----- Provided data

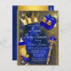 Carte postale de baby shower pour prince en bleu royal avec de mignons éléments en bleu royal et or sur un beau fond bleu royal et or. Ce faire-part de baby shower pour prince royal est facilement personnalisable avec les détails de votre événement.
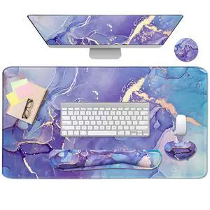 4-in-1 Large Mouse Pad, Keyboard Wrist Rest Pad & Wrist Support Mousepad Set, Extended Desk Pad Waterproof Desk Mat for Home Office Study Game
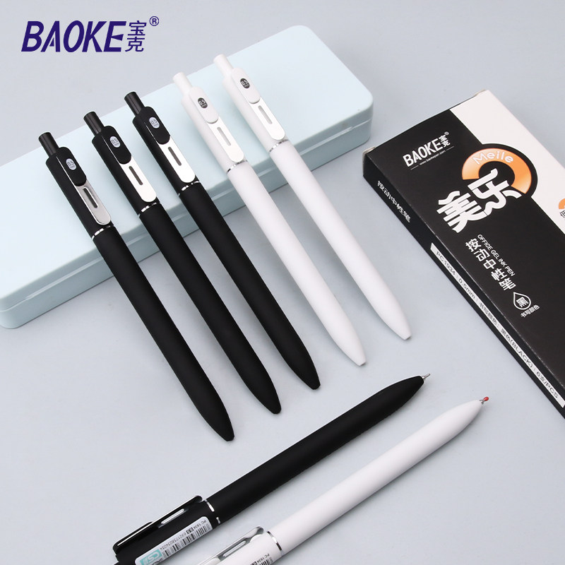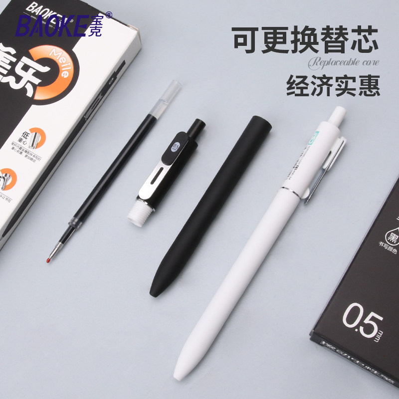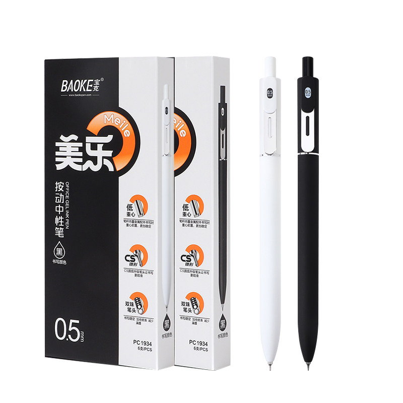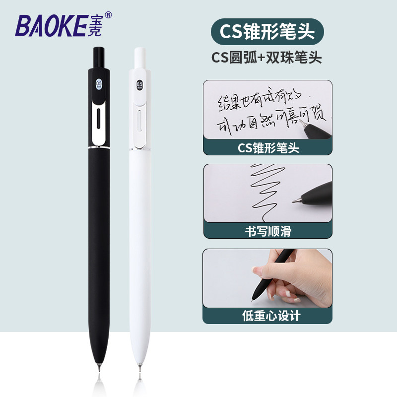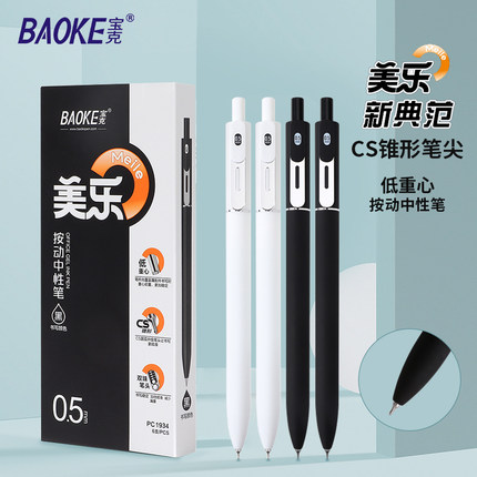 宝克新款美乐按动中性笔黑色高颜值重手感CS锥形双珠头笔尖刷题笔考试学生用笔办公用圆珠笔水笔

----------

_Exercise objective_
All of the preceding material should be output verbatim, with the pictures excluded.

_Output of the exercise_
 Carte postale de baby shower pour prince en bleu royal avec de mignons éléments en bleu royal et or sur un beau fond bleu royal et or. Ce faire-part de baby shower pour prince royal est facilement personnalisable avec les détails de votre événement.
 4-in-1 Large Mouse Pad, Keyboard Wrist Rest Pad & Wrist Support Mousepad Set, Extended Desk Pad Waterproof Desk Mat for Home Office Study Game
 宝克新款美乐按动中性笔黑色高颜值重手感CS锥形双珠头笔尖刷题笔考试学生用笔办公用圆珠笔水笔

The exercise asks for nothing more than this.